The science on this is not conclusive, I'm not sure if that's how it works, but there is research underway to try and find out. Here is a recent paper in the British Journal of Sports Medicine reviewing the evidence. Nicolantonio and O'Keefe are well known and highly regarded researchers in the field. In the face of this, however, our textbook authors present their first argument, it goes like this,

'Interestingly, when those with self-described carbohydrate cravings indulge, they tend to eat more of everything, the percentage of energy from carbohydrates remains unchanged'.

The test of an argument is whether it is persuasive. Are you persuaded ? So if an alcoholic also smokes cigarettes when he is drinking, or binges on chocolate the next day when he's hungover, that somehow shows alcohol was never the source of his bingeing, that he doesn't have a problem with alcohol ? Interesting idea.

If carbohydrates are not the source of the cravings people experience ('self-describe', you notice the element of doubt introduced there, subtle), then our authors need to explain where they do come from, for their position to be plausible. This is what they come up with,

'One reasonable explanation for the carbohydrate cravings that some people experience involves the self-imposed labelling of a food as both 'good' and 'bad' - that is, one that is desirable but should be eaten with restraint. Restricting intake heightens the desire further (a craving). The 'addiction' is used to explain why resisting the food is so difficult, and sometimes, even impossible. But the addiction is not physiological or pharmacological'.

Reasonable explanation ?!

So the reason why you crave chocolate is because its nice and you're not eating it. If you just ate some then you wouldn't crave it.

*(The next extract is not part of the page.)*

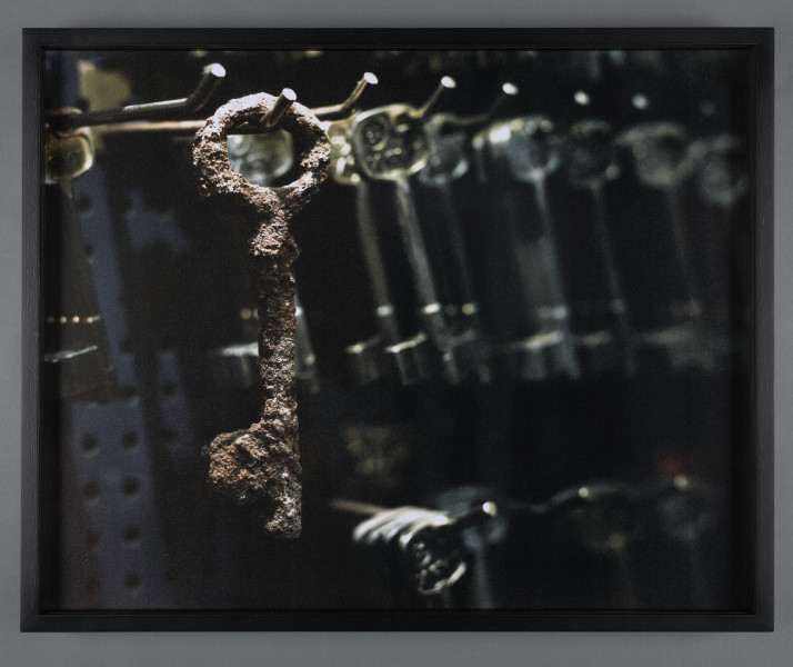 Jedna z 12 fotografii barwnych wchodzących w skład pracy „Szukaliśmy w popiołach”, powstałych z wykorzystaniem obiektów archeologicznych znajdujących się w depozycie Muzeum POLIN. Przedstawia metalowy klucz do otwierania drzwi, w całości pokryty rdzą, który wisi na tle nowych, współczesnych kluczy w punkcie usługowym na Muranowie, zajmującym się ich dorabianiem.
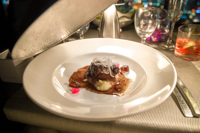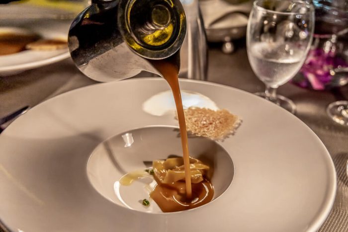 สำหรับเมนคอร์สจานนี้ ตอนแรกยังแอบคิดว่า มันจะคุ้มค่าหรอที่นำเนื้อวากิวชอร์ทริปส์มาตุ๋น เพราะกลัวจะเสียจุดเด่นของมันไป แต่กลับไม่เลย เพราะเป็นเนื้อวากิวตุ๋นที่นุ่มละมุนมาก ๆ ละลายไปในปาก ยิ่งได้ทานคู่กับมันบดเนื้อเนียนแล้วด้วย จานนี้ถือว่าเป็นอาหารรสเลิศที่เราแทบไม่ต้องเคี้ยวเลย

I don't think our authors have quite got the hang of this arguing thing. That's because they don't do it very often, they don't have to, they are the ones who 'really know'.

Carbohydrates can't be addictive because our authors eat them all the time and they don't binge on chocolate. Case closed. The problem is not sugar, its the people who can't control themselves, 'those' people, not like us, we eat our greens like the good people we are, fill up on fibre, and never miss our spin class.

Readers - don't be like these people. Be an Ancient Greek, learn to argue, learn to fight, and don't eat sugar.